== YOUR INSTRUCTIONS ==
Produce an exact copy of all the data below, dropping every image.

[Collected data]
·····
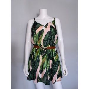 ZAFUL Tropical Leaf Print Cami Mini Dress Size M
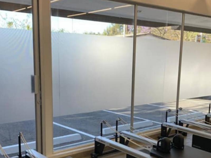 Ventana hecha de Vidrio con Sandblast ideal para lugares de centros de atención
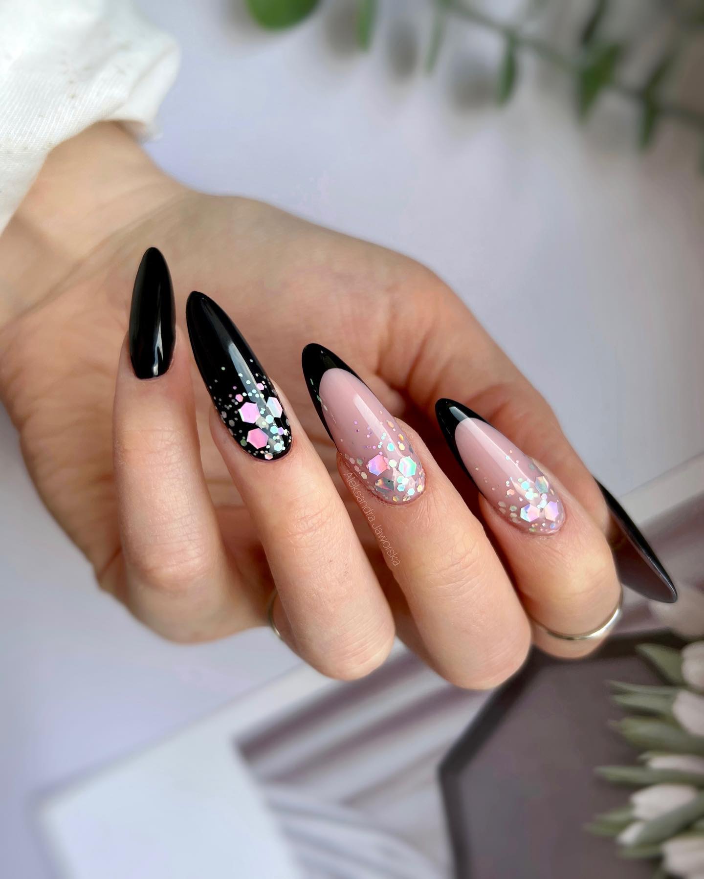 Этот цвет можно применять для прорисовывания лунок, полукругов на ногтях, а также в качестве основного тона для блёсток. Без злоупотребления по количеству он точно не будет выглядеть мрачно.
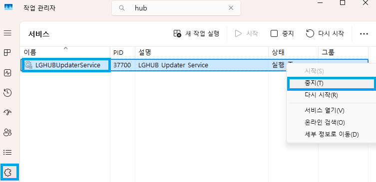 일부 마우스 제어 프로그램에 대한 실행 감지 및 차단 적용 안내 (G HUB 안내 추가)(12/09 20:30 추가) ※ Logitech G HUB 프로그램을 트레이 아이콘에서 종료해도 실행이 차단됩니다. 다소 번거롭겠지만 G HUB 사용자의 경우 작업 관리자 > 서비스 메뉴에서 lghub_updater.exe 를 완전히 중지 부탁 드립니다. 두 개의 하늘, 하나의 영광 안녕하세요, 데바 여러분 AION2입니다. 최근 매크로 기능을 활용한 비정상적인 반복 사냥을 방지하기 위해, Logitech G HUB, Razer synapse, Corsair iCUE 등 매크로 기능을 제공하는 일부 마우스 제어 프로그램에 대한 실행 감지 및 차단이 적용되었습니다. 해당 프로그램의 프로세스가 실행 중일 경우 게임 접속이 제한되며, 정상적인 플레이를 위해서는 프로그램을 종료하시거나, 작업 관리자에서 프로세스를 완전히 종료한 뒤 접속을 시도해 주시기 바랍니다. 앞으로도 모든 데바 여러분이 공정하고 안심할 수 있는 환경에서 게임을 즐기실 수 있도록 최선을 다하겠습니다. 고맙습니다.
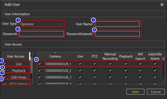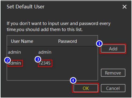 Note: The first added user of system is the Super User. The Super User has the highest authority to operate on other users, but they can not delete related configuration information. For safety, we suggest setting a more complicated password for the Super User.
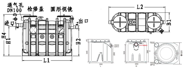 產(chǎn)品特點(diǎn):澤德油水分離器采用PE箱體 耐腐蝕 緊湊的橢圓形設(shè)計(jì) 理由油脂分離和沉降,設(shè)有圓形視鏡和檢修口等
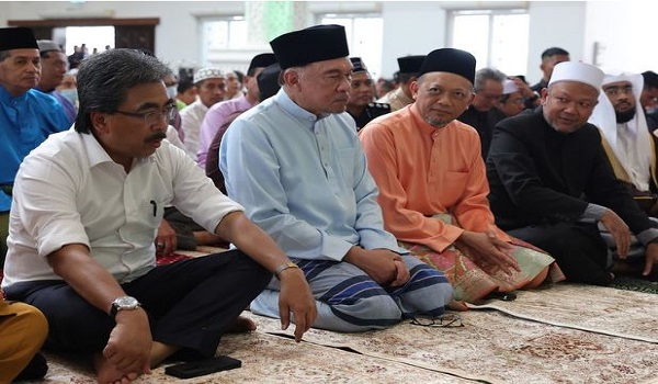 (Perdana Menteri, Datuk Seri Anwar Ibrahim (dua, kiri) hadir ke Masjid Jamek Kampung Baru
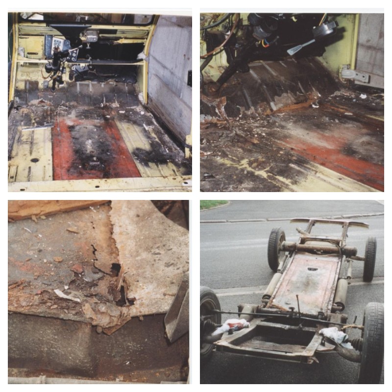 Complètement novice en mécanique, il m'a fallu quelques mois pour me rendre compte que la belle souffrait d'un mal bien connu et que sous sa couleur jaune mimosa (pas d'origine), la rouille avait fait son office sur les planchers et que son châssis n'en pouvais plus.
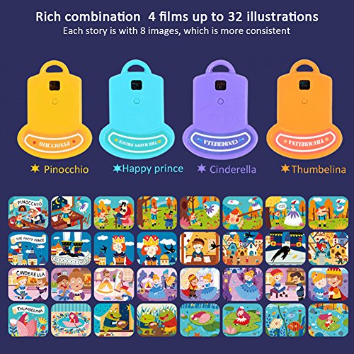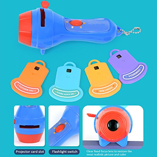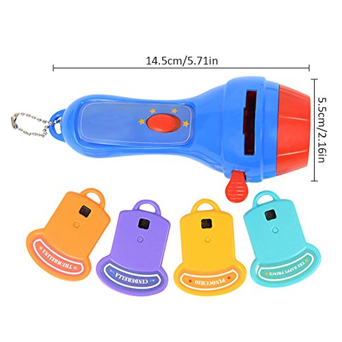 Ruier-tong 子供知育玩具 おとぎ話 ミニプロジェクター 寝かしつけ用おもちゃ 懐中電灯様式 LED搭載 天井いっぱい おやすみホームシアター 3歳以上 子供おもちゃ 贈り物にもお勧め (4枚フィルム ブルー)
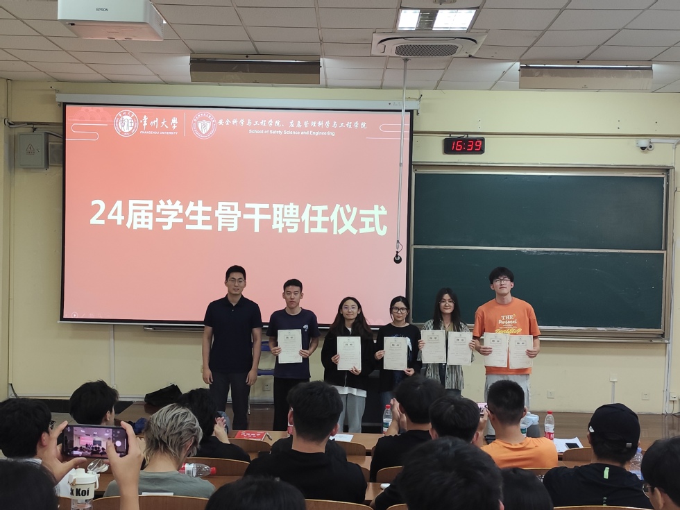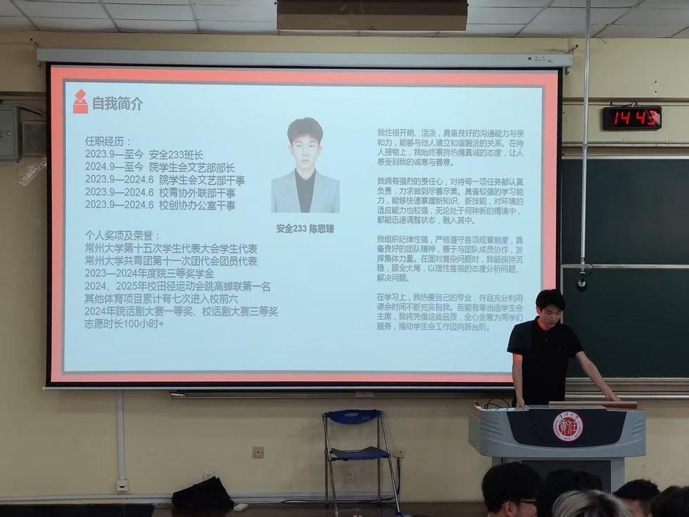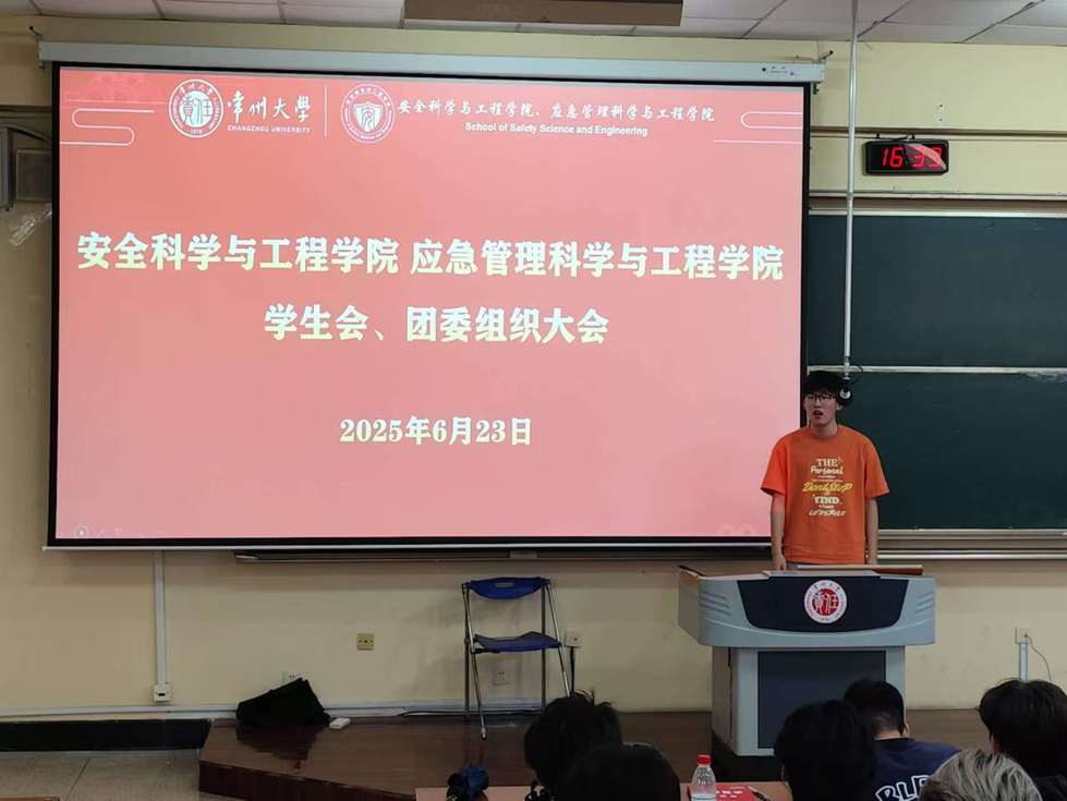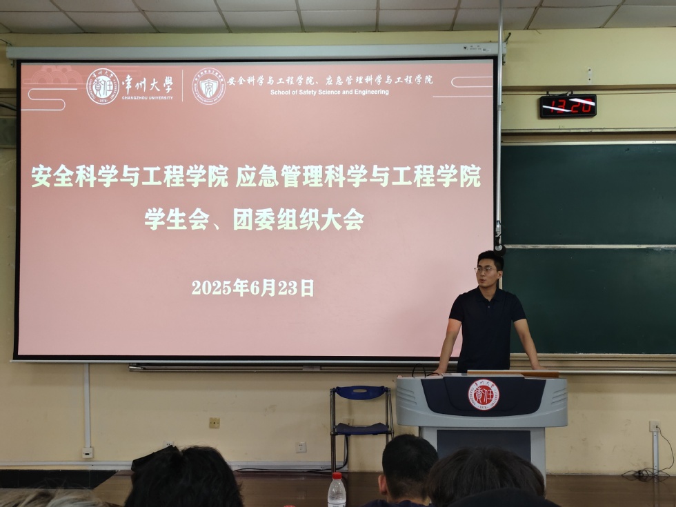 为进一步加强学生组织建设,保障学院学生工作的有序开展,6月19号晚,常州大学安全科学与工程学院、应急管理科学与工程学院学生会、团委组织大会在w4阶梯教室举行。本次大会涵盖学生会、团委部长换届,学生会主席、团委团副换届选举,院安学社社长选举,以及 24 届学生会骨干学生聘任仪式,辅导员王加栋、各大组织成员及众多学生代表共同参与了此次会议。
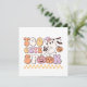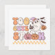 Cute, colourful, fun Halloween design featuring a ghost with a witch hat and pumpkin, several jack o lanterns, and text off lavender, yellow, pink, orange, and white that reads Too Cute to Spook!
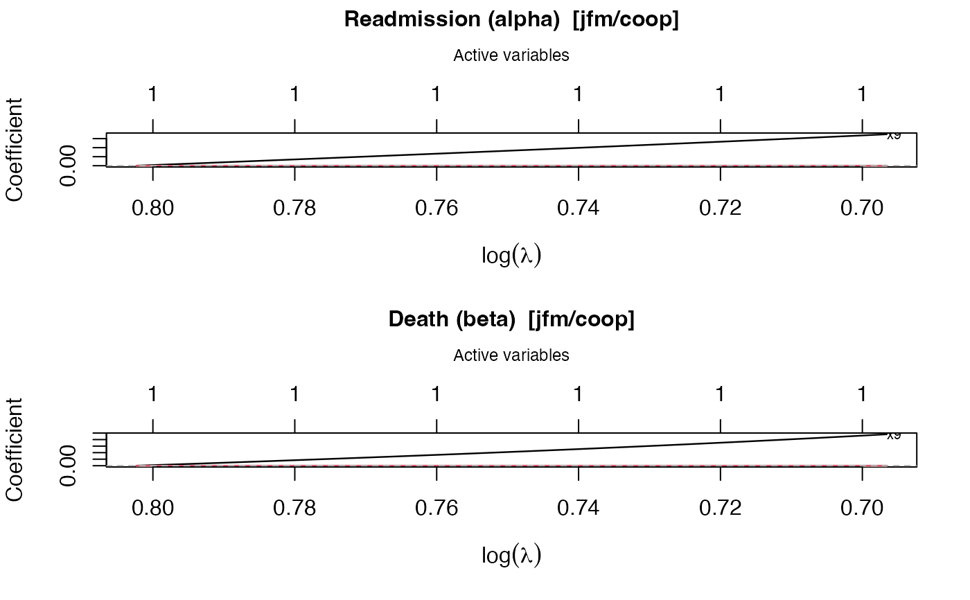 plot.swjm_path.RdProduces a glmnet-style plot of coefficient trajectories versus \(\log(\lambda)\) along the stagewise regularization path. Two panels are drawn by default: one for the readmission sub-model (alpha) and one for the death sub-model (beta). The top axis of each panel shows the number of active variables at that lambda.
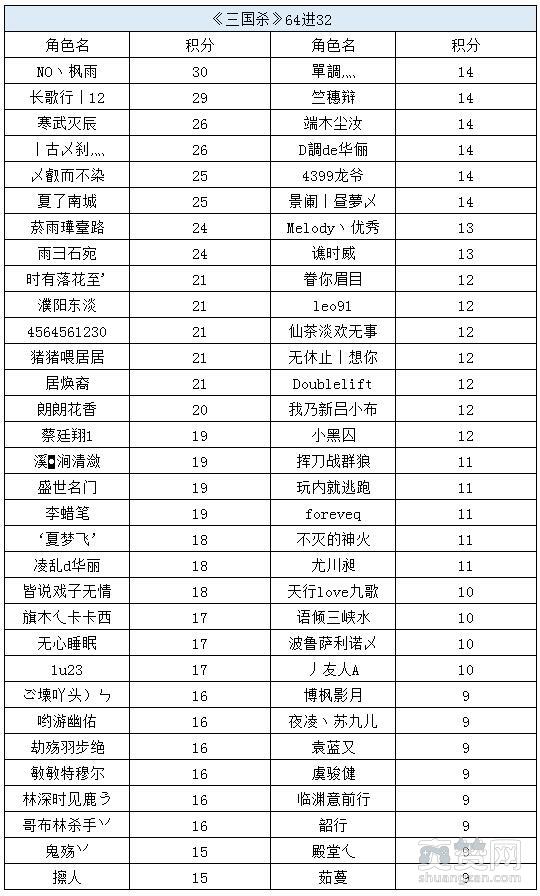 1月4日-5日,《三国杀》将进行的是第二届身份争霸赛64进32的比赛。以下是64强名单:
·····
== EXERCISE SOLUTION ==
 ZAFUL Tropical Leaf Print Cami Mini Dress Size M
 Ventana hecha de Vidrio con Sandblast ideal para lugares de centros de atención
 Этот цвет можно применять для прорисовывания лунок, полукругов на ногтях, а также в качестве основного тона для блёсток. Без злоупотребления по количеству он точно не будет выглядеть мрачно.
 일부 마우스 제어 프로그램에 대한 실행 감지 및 차단 적용 안내 (G HUB 안내 추가)(12/09 20:30 추가) ※ Logitech G HUB 프로그램을 트레이 아이콘에서 종료해도 실행이 차단됩니다. 다소 번거롭겠지만 G HUB 사용자의 경우 작업 관리자 > 서비스 메뉴에서 lghub_updater.exe 를 완전히 중지 부탁 드립니다. 두 개의 하늘, 하나의 영광 안녕하세요, 데바 여러분 AION2입니다. 최근 매크로 기능을 활용한 비정상적인 반복 사냥을 방지하기 위해, Logitech G HUB, Razer synapse, Corsair iCUE 등 매크로 기능을 제공하는 일부 마우스 제어 프로그램에 대한 실행 감지 및 차단이 적용되었습니다. 해당 프로그램의 프로세스가 실행 중일 경우 게임 접속이 제한되며, 정상적인 플레이를 위해서는 프로그램을 종료하시거나, 작업 관리자에서 프로세스를 완전히 종료한 뒤 접속을 시도해 주시기 바랍니다. 앞으로도 모든 데바 여러분이 공정하고 안심할 수 있는 환경에서 게임을 즐기실 수 있도록 최선을 다하겠습니다. 고맙습니다.
 Note: The first added user of system is the Super User. The Super User has the highest authority to operate on other users, but they can not delete related configuration information. For safety, we suggest setting a more complicated password for the Super User.
 產(chǎn)品特點(diǎn):澤德油水分離器采用PE箱體 耐腐蝕 緊湊的橢圓形設(shè)計(jì) 理由油脂分離和沉降,設(shè)有圓形視鏡和檢修口等
 (Perdana Menteri, Datuk Seri Anwar Ibrahim (dua, kiri) hadir ke Masjid Jamek Kampung Baru
 Complètement novice en mécanique, il m'a fallu quelques mois pour me rendre compte que la belle souffrait d'un mal bien connu et que sous sa couleur jaune mimosa (pas d'origine), la rouille avait fait son office sur les planchers et que son châssis n'en pouvais plus.
 Ruier-tong 子供知育玩具 おとぎ話 ミニプロジェクター 寝かしつけ用おもちゃ 懐中電灯様式 LED搭載 天井いっぱい おやすみホームシアター 3歳以上 子供おもちゃ 贈り物にもお勧め (4枚フィルム ブルー)
 为进一步加强学生组织建设,保障学院学生工作的有序开展,6月19号晚,常州大学安全科学与工程学院、应急管理科学与工程学院学生会、团委组织大会在w4阶梯教室举行。本次大会涵盖学生会、团委部长换届,学生会主席、团委团副换届选举,院安学社社长选举,以及 24 届学生会骨干学生聘任仪式,辅导员王加栋、各大组织成员及众多学生代表共同参与了此次会议。
 Cute, colourful, fun Halloween design featuring a ghost with a witch hat and pumpkin, several jack o lanterns, and text off lavender, yellow, pink, orange, and white that reads Too Cute to Spook!
 plot.swjm_path.RdProduces a glmnet-style plot of coefficient trajectories versus \(\log(\lambda)\) along the stagewise regularization path. Two panels are drawn by default: one for the readmission sub-model (alpha) and one for the death sub-model (beta). The top axis of each panel shows the number of active variables at that lambda.
 1月4日-5日,《三国杀》将进行的是第二届身份争霸赛64进32的比赛。以下是64强名单:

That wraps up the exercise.